Saturday, May 24, 2008

Not Just A to B

When I discuss mass transit with people who don't have a lot of experience with it, I realize they tend to simply see it as an alternative way to go from A to B. As in, if there were a commuter rail system built parallel with the highway, then I could either take the train along that path or take my automobile. And commuter rail systems are frequently a lot like that.

But a comprehensive mass transit system isn't simply about establishing parallel competing transit nodes, it's about having a transit system that allows for a completely different kind of urban space and a completely different way of life.

The extreme example which might help highlight this idea is Manhattan. It's pretty easy to see how Manhattan simply couldn't exist in anything like its present form without a comprehensive subway, bus, and commuter system. The island couldn't support anything like that kind of population and employment density without it. Picture it as it is with one car per person and all of the parking lots to go with it. Doesn't work.

But that's true at density levels much lower than Manhattan, which also can't be supported, at least with decent quality of life, without a comprehensive mass transit system. I was just in Barcelona, which has an absolutely crazy ever expanding amount of public transit. The city's roughly at the scale of central Washington D.C., covered mostly in 6-8 story buildings, generally apartments or offices on top of street level retail. Tall office towers and apartment blocks, to the extent that they exist, are on the outskirts. City population is about 1.5 million, and roughly double that for the whole region.

Expanding the transit system there is less about giving people a better way to get from A to B, it's about making it fast and easy to get around everywhere, reducing the number of cars and the need to make space for cars, and overall creating a nice urban space which can only exist if you have fewer cars.

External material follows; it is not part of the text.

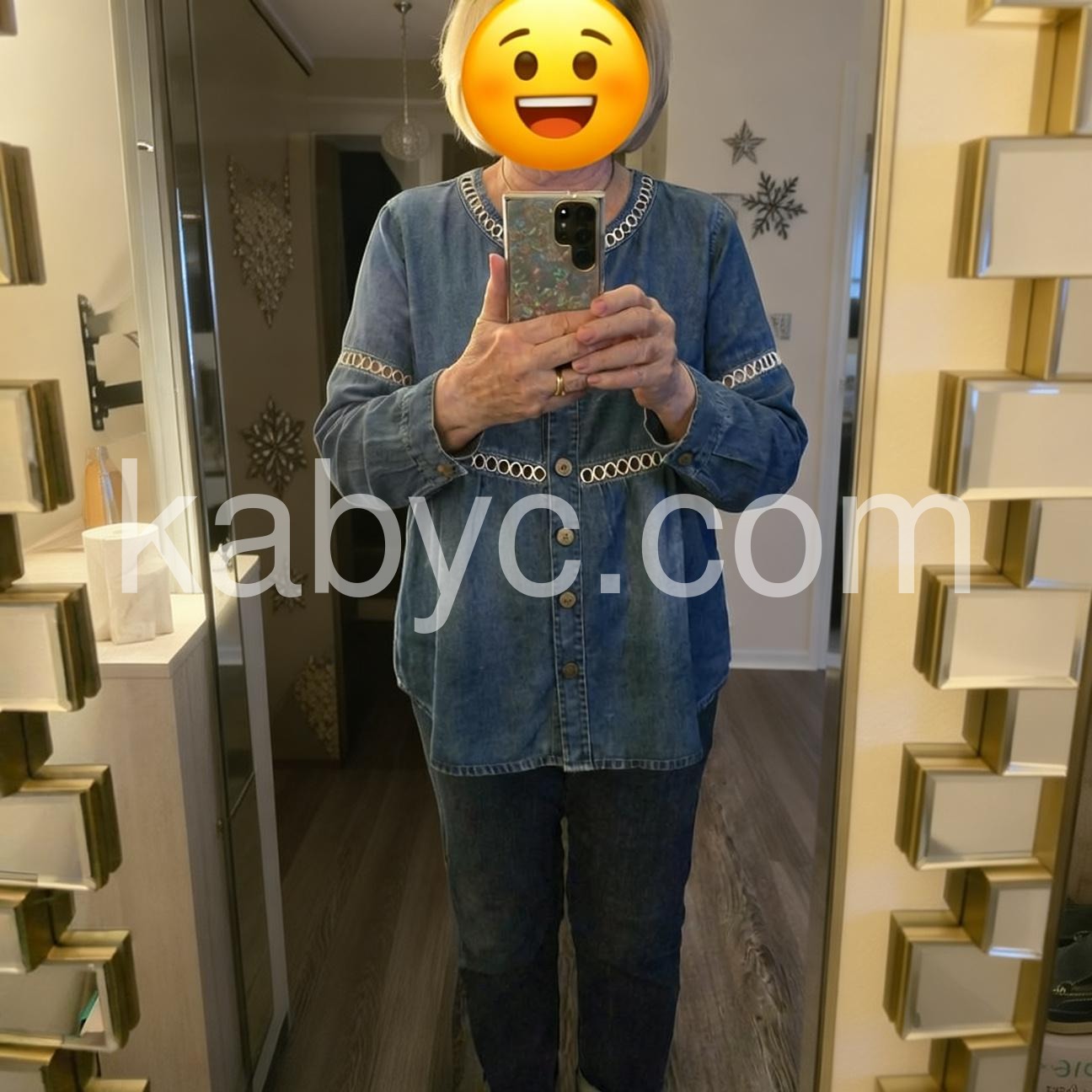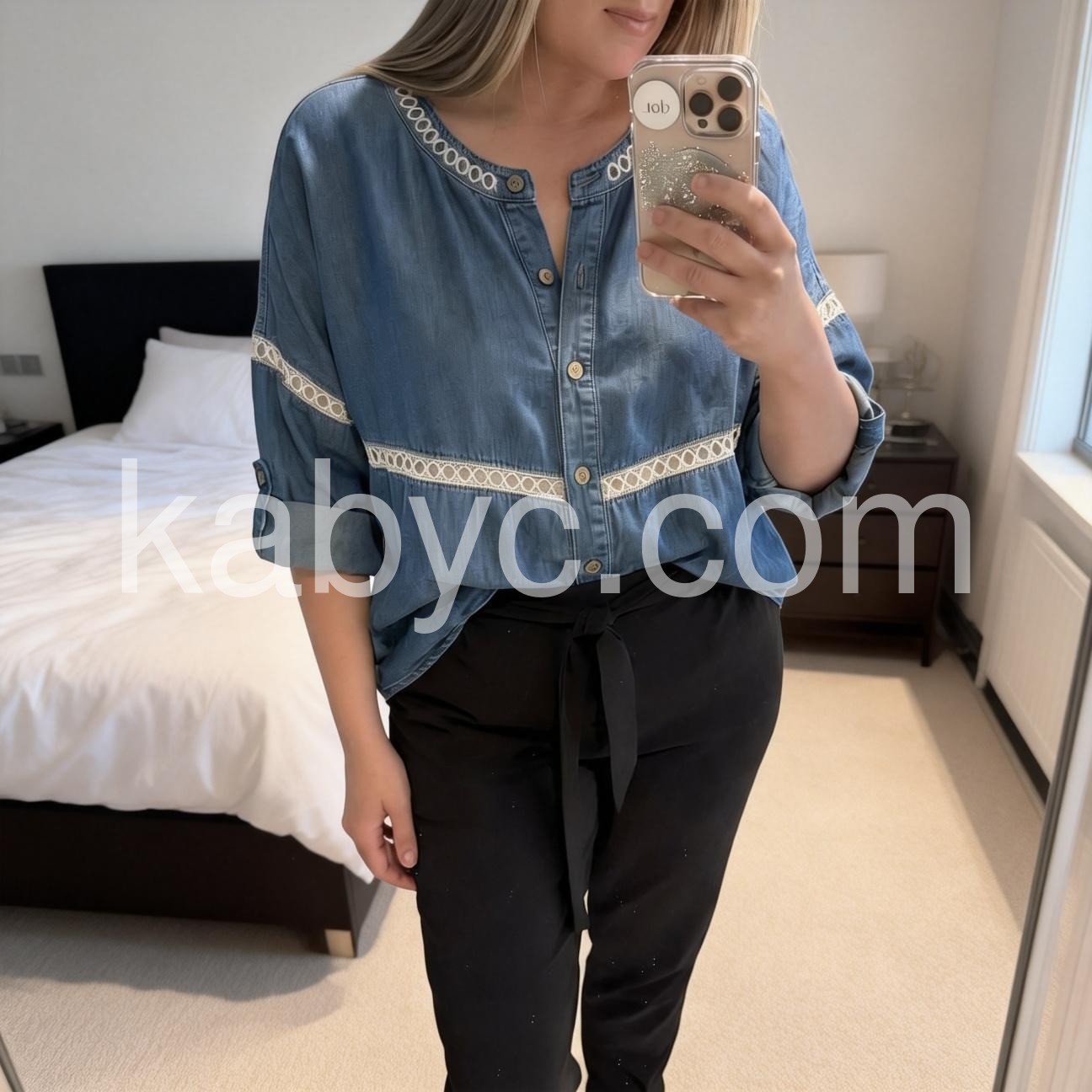 Embrace laid-back elegance in this Blue Denim Button Down Top with Embroidered Trim, a stylish and comfortable piece that blends classic denim appeal with artisanal details. Crafted from soft, medium-wash denim fabric, this tunic features a relaxed, oversized silhouette with a flattering round neckline and front button closure, offering both ease and timeless charm. The standout design element is the decorative embroidered trim—featuring a delicate dotted pattern—accenting the neckline and waistline, adding a touch of boho flair and texture. Styled here with layered necklaces, bracelets, and distressed denim bottoms, it’s ideal for weekend errands, coffee dates, or a leisurely walk through the city.

Obligatory disclaimer: not everyone wants to live in the city! I know! But the problem with a lot of US development is that it combines the worst of both worlds. You have cities which don't have enough transit and have too much car-friendliness which reduces the quality of urban life. And you have suburbs which are dense enough to have some of the negative aspects of urban life, but which aren't built to take advantage of any of density's benefits.